» DATA
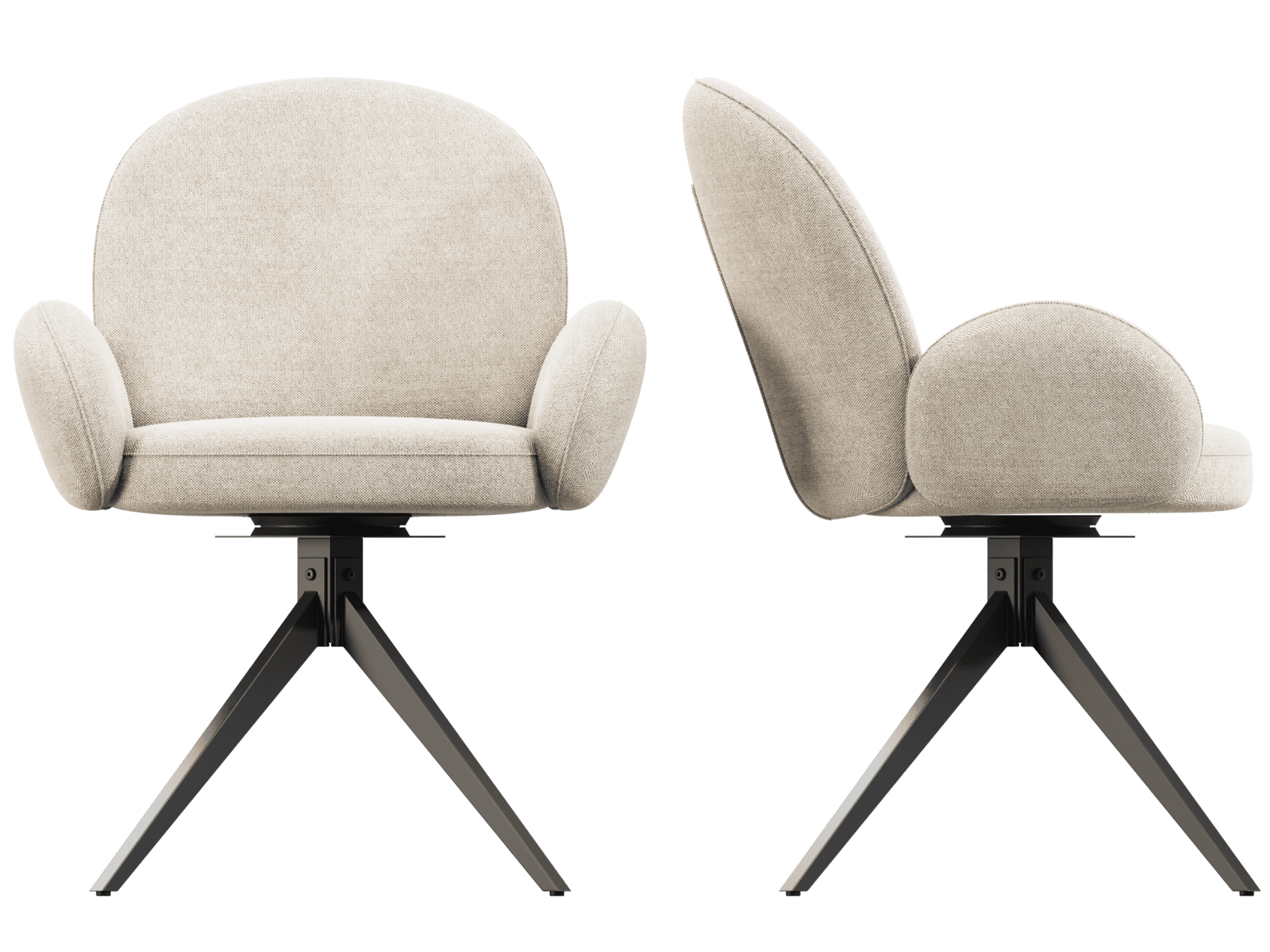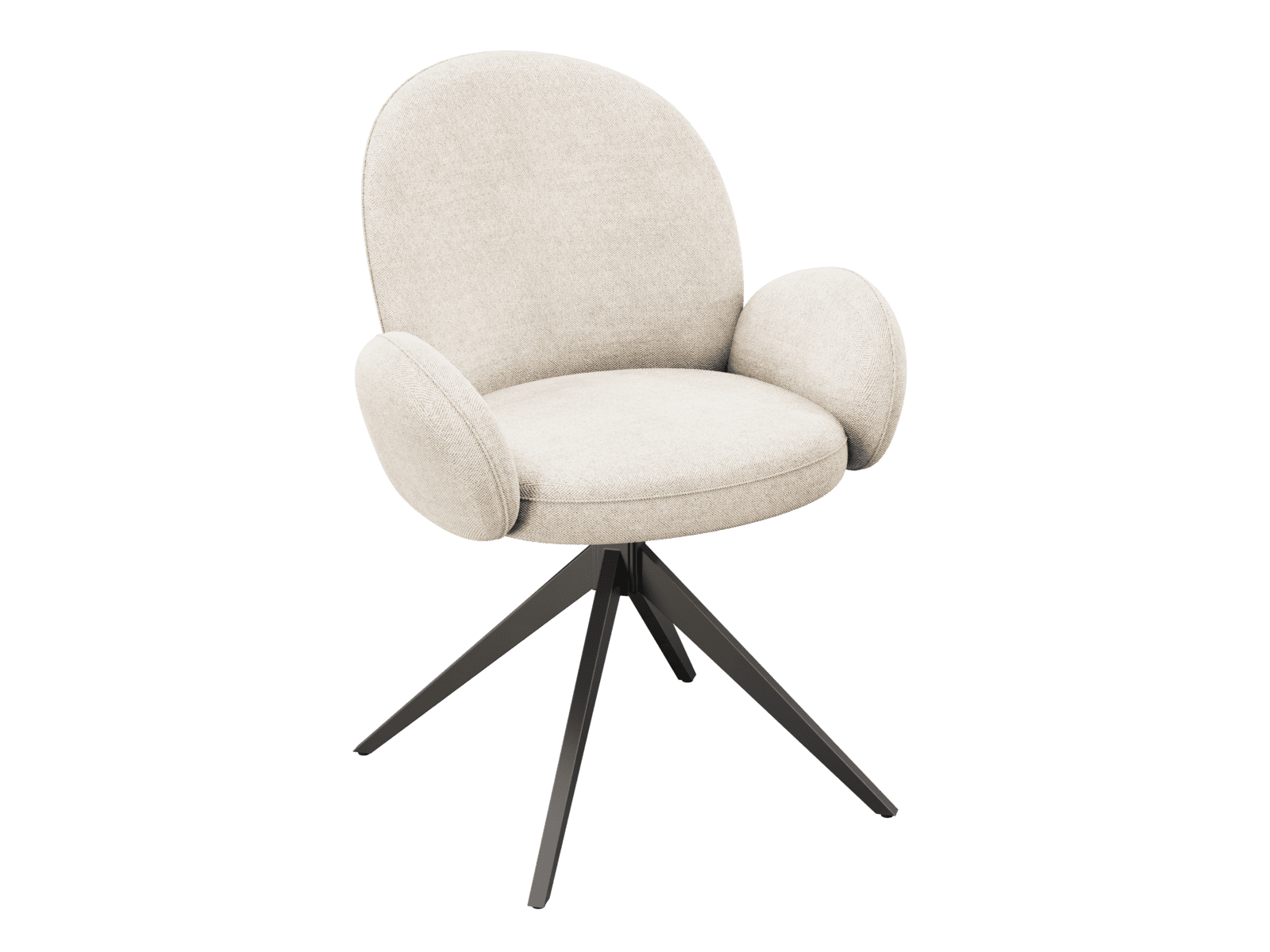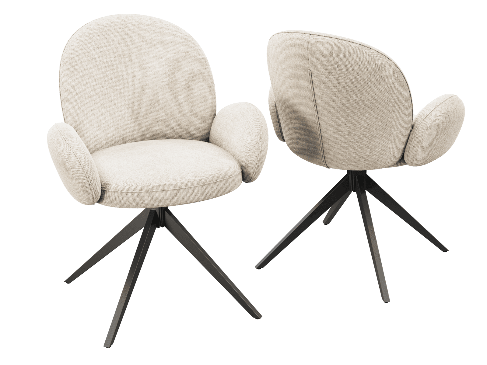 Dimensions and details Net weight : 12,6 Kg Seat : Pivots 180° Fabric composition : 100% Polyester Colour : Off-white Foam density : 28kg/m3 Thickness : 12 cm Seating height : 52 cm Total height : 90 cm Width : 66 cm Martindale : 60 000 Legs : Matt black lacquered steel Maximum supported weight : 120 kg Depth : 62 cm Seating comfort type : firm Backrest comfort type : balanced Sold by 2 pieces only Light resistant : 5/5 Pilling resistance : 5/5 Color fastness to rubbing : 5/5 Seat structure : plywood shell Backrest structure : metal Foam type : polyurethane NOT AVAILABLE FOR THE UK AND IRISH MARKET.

...

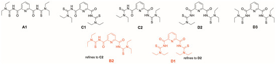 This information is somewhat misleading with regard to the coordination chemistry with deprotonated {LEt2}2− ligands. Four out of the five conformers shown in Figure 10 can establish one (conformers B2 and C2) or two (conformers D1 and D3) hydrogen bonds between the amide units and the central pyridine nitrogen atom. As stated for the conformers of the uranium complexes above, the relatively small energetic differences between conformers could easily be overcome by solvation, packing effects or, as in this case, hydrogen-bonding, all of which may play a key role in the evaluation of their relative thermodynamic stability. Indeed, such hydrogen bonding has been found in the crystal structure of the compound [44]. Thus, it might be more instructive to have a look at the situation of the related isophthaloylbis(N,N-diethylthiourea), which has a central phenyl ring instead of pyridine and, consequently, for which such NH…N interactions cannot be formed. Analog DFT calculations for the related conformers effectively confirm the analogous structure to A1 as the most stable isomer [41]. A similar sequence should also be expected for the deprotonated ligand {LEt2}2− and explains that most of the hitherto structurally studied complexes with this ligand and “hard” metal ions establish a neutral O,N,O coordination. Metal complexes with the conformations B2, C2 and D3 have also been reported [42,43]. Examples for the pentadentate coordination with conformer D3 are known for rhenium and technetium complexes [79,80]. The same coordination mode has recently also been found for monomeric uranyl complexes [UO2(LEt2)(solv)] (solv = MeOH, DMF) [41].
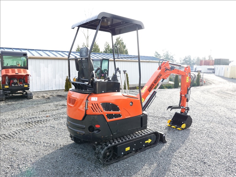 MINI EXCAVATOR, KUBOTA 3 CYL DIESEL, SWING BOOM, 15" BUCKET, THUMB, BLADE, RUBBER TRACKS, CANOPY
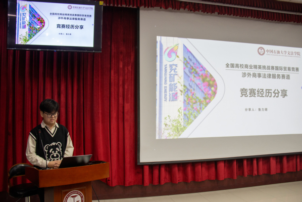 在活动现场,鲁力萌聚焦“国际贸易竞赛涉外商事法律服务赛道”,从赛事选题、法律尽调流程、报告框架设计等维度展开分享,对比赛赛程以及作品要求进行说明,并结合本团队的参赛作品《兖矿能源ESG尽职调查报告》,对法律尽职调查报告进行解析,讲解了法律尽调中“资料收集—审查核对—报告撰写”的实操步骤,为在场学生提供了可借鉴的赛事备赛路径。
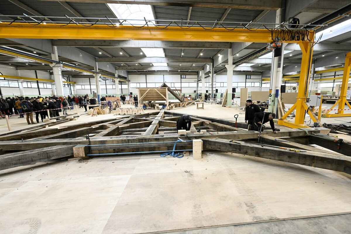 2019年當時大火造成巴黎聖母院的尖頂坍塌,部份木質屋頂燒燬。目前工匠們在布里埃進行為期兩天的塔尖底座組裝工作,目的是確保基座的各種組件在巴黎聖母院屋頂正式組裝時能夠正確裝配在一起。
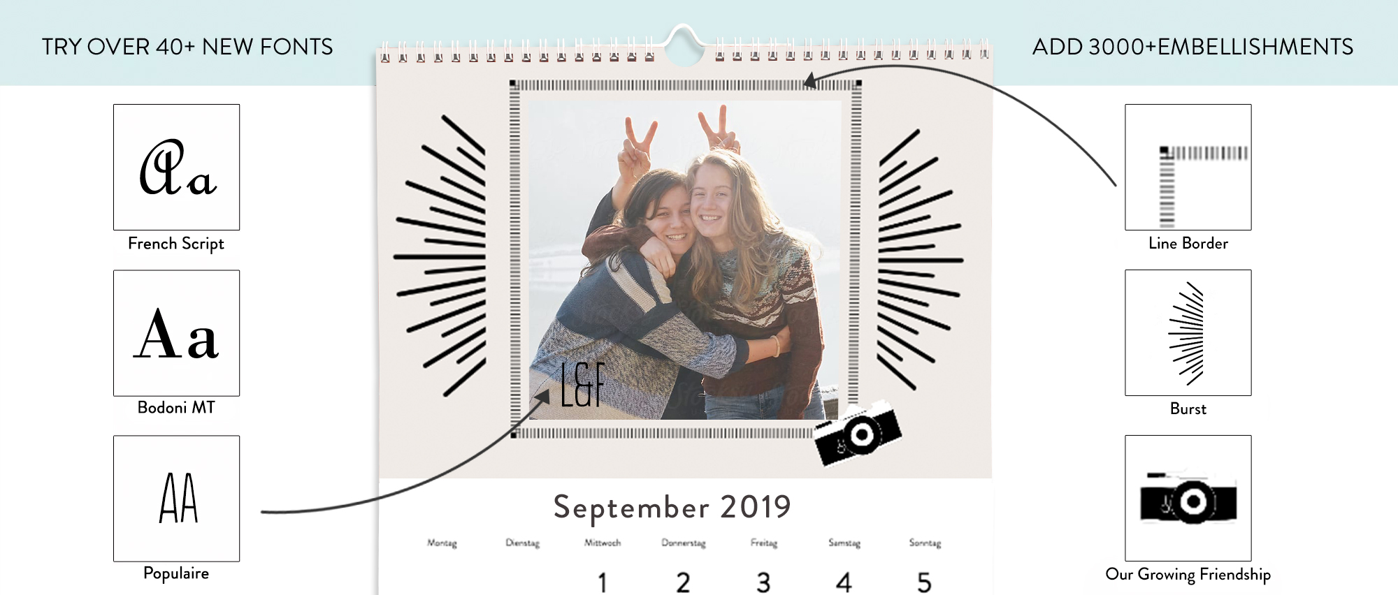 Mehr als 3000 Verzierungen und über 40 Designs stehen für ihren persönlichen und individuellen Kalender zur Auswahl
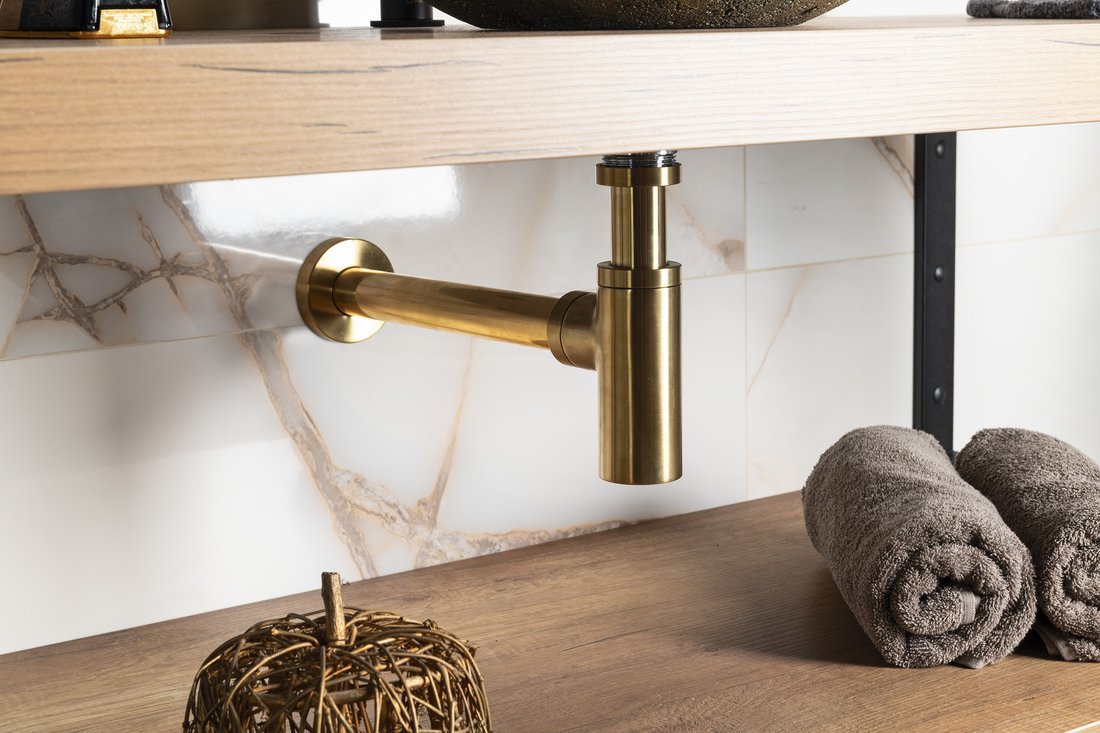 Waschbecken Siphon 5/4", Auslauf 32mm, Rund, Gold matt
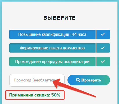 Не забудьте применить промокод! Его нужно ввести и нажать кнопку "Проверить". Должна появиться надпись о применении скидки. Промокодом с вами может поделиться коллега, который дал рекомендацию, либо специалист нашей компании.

--

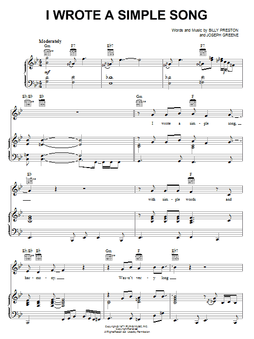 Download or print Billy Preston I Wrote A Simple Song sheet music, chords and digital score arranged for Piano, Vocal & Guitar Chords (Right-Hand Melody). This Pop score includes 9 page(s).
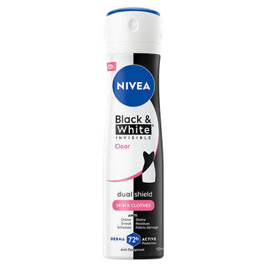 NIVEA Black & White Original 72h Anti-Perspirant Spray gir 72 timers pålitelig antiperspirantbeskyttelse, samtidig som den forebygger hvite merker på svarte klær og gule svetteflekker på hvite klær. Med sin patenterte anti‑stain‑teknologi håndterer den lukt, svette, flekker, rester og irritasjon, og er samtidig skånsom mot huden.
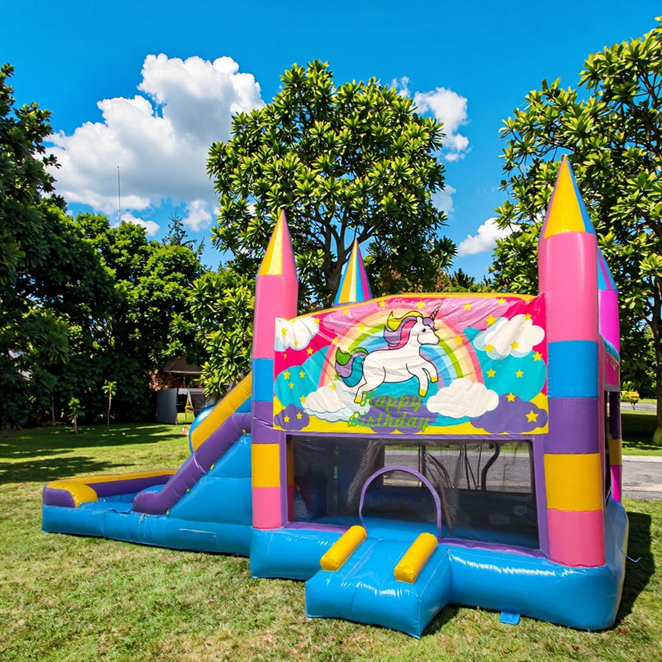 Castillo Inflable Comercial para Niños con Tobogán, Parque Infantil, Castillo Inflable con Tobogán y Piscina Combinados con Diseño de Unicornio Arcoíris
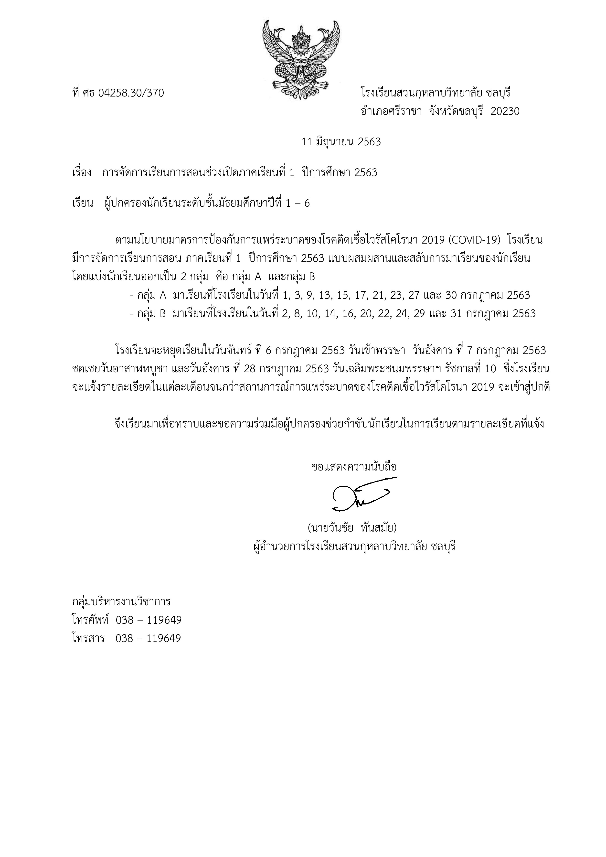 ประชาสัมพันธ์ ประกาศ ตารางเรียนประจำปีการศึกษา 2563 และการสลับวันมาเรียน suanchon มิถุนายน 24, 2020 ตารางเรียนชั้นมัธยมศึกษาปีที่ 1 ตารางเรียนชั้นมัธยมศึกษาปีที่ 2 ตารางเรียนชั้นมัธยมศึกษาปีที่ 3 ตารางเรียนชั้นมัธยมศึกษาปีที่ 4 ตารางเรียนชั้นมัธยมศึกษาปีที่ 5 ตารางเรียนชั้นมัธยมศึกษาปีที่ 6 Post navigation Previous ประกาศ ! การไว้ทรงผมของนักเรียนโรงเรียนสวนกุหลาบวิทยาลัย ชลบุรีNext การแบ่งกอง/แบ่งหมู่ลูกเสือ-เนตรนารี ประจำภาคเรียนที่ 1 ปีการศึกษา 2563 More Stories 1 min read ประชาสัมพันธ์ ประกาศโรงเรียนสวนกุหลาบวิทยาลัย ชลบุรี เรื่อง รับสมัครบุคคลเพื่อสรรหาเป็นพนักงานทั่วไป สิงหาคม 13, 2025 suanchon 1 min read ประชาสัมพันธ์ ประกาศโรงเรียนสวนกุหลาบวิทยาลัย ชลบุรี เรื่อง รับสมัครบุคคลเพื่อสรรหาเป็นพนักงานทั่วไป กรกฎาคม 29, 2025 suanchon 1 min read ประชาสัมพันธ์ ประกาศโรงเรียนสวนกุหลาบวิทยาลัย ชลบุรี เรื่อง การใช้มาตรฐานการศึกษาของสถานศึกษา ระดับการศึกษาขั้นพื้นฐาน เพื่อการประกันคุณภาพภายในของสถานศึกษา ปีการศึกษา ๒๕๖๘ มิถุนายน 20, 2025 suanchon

» WHAT IS BEING ASKED
Looking above, find the stretch of lines that opens with the one holding "NIVEA Black &" and closes with the one holding "Castillo Inflable Comercial". Copy it exactly, pictures excluded.

» EXERCISE SOLUTION
 NIVEA Black & White Original 72h Anti-Perspirant Spray gir 72 timers pålitelig antiperspirantbeskyttelse, samtidig som den forebygger hvite merker på svarte klær og gule svetteflekker på hvite klær. Med sin patenterte anti‑stain‑teknologi håndterer den lukt, svette, flekker, rester og irritasjon, og er samtidig skånsom mot huden.
 Castillo Inflable Comercial para Niños con Tobogán, Parque Infantil, Castillo Inflable con Tobogán y Piscina Combinados con Diseño de Unicornio Arcoíris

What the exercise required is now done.